§ **COLLECTED DATA**
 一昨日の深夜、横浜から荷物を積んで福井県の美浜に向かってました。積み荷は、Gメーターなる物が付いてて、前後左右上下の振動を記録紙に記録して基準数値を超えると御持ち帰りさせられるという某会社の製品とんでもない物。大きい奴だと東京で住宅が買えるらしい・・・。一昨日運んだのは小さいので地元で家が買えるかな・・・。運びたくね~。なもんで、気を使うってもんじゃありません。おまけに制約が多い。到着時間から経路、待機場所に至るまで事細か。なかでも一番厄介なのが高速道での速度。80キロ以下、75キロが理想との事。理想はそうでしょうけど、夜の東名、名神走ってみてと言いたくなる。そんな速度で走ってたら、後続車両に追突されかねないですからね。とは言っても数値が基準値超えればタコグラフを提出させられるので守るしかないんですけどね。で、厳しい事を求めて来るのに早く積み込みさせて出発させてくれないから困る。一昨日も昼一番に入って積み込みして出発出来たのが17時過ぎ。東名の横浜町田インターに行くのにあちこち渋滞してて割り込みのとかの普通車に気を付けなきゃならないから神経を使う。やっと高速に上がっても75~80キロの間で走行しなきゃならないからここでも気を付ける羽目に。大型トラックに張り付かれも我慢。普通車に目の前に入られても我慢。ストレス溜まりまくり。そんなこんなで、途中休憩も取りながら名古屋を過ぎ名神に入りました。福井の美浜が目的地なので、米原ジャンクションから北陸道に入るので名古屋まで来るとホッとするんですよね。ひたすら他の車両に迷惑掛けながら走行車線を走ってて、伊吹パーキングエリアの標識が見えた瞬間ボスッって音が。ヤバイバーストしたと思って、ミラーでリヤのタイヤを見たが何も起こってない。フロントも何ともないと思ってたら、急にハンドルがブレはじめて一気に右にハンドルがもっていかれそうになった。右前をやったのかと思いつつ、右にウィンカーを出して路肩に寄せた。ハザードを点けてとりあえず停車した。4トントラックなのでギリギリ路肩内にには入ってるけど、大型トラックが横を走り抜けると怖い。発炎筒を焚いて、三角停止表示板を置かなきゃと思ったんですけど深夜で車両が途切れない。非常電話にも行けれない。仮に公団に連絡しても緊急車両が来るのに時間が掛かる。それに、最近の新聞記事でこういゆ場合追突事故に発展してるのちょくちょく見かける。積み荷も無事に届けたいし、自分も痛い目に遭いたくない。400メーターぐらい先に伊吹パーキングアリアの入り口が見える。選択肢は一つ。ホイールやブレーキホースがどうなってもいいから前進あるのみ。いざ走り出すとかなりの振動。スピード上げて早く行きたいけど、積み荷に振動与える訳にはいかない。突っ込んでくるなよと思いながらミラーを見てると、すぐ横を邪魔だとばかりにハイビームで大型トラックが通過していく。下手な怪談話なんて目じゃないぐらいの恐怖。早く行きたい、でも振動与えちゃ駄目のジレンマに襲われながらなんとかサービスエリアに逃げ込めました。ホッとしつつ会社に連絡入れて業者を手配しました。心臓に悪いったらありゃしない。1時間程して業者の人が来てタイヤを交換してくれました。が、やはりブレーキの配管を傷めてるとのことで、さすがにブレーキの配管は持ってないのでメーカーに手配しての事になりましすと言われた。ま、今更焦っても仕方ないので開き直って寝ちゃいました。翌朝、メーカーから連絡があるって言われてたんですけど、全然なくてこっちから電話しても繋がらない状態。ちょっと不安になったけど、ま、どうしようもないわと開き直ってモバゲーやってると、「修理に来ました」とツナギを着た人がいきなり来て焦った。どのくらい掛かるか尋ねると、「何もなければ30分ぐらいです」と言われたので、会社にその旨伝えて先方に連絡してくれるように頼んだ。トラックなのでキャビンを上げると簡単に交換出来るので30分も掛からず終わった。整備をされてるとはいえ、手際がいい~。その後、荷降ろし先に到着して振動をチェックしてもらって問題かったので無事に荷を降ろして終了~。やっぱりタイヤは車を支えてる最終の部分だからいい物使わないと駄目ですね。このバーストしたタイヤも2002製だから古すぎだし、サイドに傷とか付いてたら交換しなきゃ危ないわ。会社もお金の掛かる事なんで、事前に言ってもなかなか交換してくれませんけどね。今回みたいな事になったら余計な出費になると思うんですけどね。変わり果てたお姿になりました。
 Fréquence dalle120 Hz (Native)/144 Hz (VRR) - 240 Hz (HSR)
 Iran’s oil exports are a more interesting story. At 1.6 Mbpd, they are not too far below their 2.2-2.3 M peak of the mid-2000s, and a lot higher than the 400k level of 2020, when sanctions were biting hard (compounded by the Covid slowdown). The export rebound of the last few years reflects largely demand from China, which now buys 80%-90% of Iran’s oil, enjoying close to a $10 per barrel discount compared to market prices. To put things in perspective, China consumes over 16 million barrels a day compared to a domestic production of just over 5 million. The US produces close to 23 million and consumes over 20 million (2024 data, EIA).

§ **TASK STATEMENT**
The answer should be an exact copy of the data.

§ **TASK OUTPUT**
 一昨日の深夜、横浜から荷物を積んで福井県の美浜に向かってました。積み荷は、Gメーターなる物が付いてて、前後左右上下の振動を記録紙に記録して基準数値を超えると御持ち帰りさせられるという某会社の製品とんでもない物。大きい奴だと東京で住宅が買えるらしい・・・。一昨日運んだのは小さいので地元で家が買えるかな・・・。運びたくね~。なもんで、気を使うってもんじゃありません。おまけに制約が多い。到着時間から経路、待機場所に至るまで事細か。なかでも一番厄介なのが高速道での速度。80キロ以下、75キロが理想との事。理想はそうでしょうけど、夜の東名、名神走ってみてと言いたくなる。そんな速度で走ってたら、後続車両に追突されかねないですからね。とは言っても数値が基準値超えればタコグラフを提出させられるので守るしかないんですけどね。で、厳しい事を求めて来るのに早く積み込みさせて出発させてくれないから困る。一昨日も昼一番に入って積み込みして出発出来たのが17時過ぎ。東名の横浜町田インターに行くのにあちこち渋滞してて割り込みのとかの普通車に気を付けなきゃならないから神経を使う。やっと高速に上がっても75~80キロの間で走行しなきゃならないからここでも気を付ける羽目に。大型トラックに張り付かれも我慢。普通車に目の前に入られても我慢。ストレス溜まりまくり。そんなこんなで、途中休憩も取りながら名古屋を過ぎ名神に入りました。福井の美浜が目的地なので、米原ジャンクションから北陸道に入るので名古屋まで来るとホッとするんですよね。ひたすら他の車両に迷惑掛けながら走行車線を走ってて、伊吹パーキングエリアの標識が見えた瞬間ボスッって音が。ヤバイバーストしたと思って、ミラーでリヤのタイヤを見たが何も起こってない。フロントも何ともないと思ってたら、急にハンドルがブレはじめて一気に右にハンドルがもっていかれそうになった。右前をやったのかと思いつつ、右にウィンカーを出して路肩に寄せた。ハザードを点けてとりあえず停車した。4トントラックなのでギリギリ路肩内にには入ってるけど、大型トラックが横を走り抜けると怖い。発炎筒を焚いて、三角停止表示板を置かなきゃと思ったんですけど深夜で車両が途切れない。非常電話にも行けれない。仮に公団に連絡しても緊急車両が来るのに時間が掛かる。それに、最近の新聞記事でこういゆ場合追突事故に発展してるのちょくちょく見かける。積み荷も無事に届けたいし、自分も痛い目に遭いたくない。400メーターぐらい先に伊吹パーキングアリアの入り口が見える。選択肢は一つ。ホイールやブレーキホースがどうなってもいいから前進あるのみ。いざ走り出すとかなりの振動。スピード上げて早く行きたいけど、積み荷に振動与える訳にはいかない。突っ込んでくるなよと思いながらミラーを見てると、すぐ横を邪魔だとばかりにハイビームで大型トラックが通過していく。下手な怪談話なんて目じゃないぐらいの恐怖。早く行きたい、でも振動与えちゃ駄目のジレンマに襲われながらなんとかサービスエリアに逃げ込めました。ホッとしつつ会社に連絡入れて業者を手配しました。心臓に悪いったらありゃしない。1時間程して業者の人が来てタイヤを交換してくれました。が、やはりブレーキの配管を傷めてるとのことで、さすがにブレーキの配管は持ってないのでメーカーに手配しての事になりましすと言われた。ま、今更焦っても仕方ないので開き直って寝ちゃいました。翌朝、メーカーから連絡があるって言われてたんですけど、全然なくてこっちから電話しても繋がらない状態。ちょっと不安になったけど、ま、どうしようもないわと開き直ってモバゲーやってると、「修理に来ました」とツナギを着た人がいきなり来て焦った。どのくらい掛かるか尋ねると、「何もなければ30分ぐらいです」と言われたので、会社にその旨伝えて先方に連絡してくれるように頼んだ。トラックなのでキャビンを上げると簡単に交換出来るので30分も掛からず終わった。整備をされてるとはいえ、手際がいい~。その後、荷降ろし先に到着して振動をチェックしてもらって問題かったので無事に荷を降ろして終了~。やっぱりタイヤは車を支えてる最終の部分だからいい物使わないと駄目ですね。このバーストしたタイヤも2002製だから古すぎだし、サイドに傷とか付いてたら交換しなきゃ危ないわ。会社もお金の掛かる事なんで、事前に言ってもなかなか交換してくれませんけどね。今回みたいな事になったら余計な出費になると思うんですけどね。変わり果てたお姿になりました。
 Fréquence dalle120 Hz (Native)/144 Hz (VRR) - 240 Hz (HSR)
 Iran’s oil exports are a more interesting story. At 1.6 Mbpd, they are not too far below their 2.2-2.3 M peak of the mid-2000s, and a lot higher than the 400k level of 2020, when sanctions were biting hard (compounded by the Covid slowdown). The export rebound of the last few years reflects largely demand from China, which now buys 80%-90% of Iran’s oil, enjoying close to a $10 per barrel discount compared to market prices. To put things in perspective, China consumes over 16 million barrels a day compared to a domestic production of just over 5 million. The US produces close to 23 million and consumes over 20 million (2024 data, EIA).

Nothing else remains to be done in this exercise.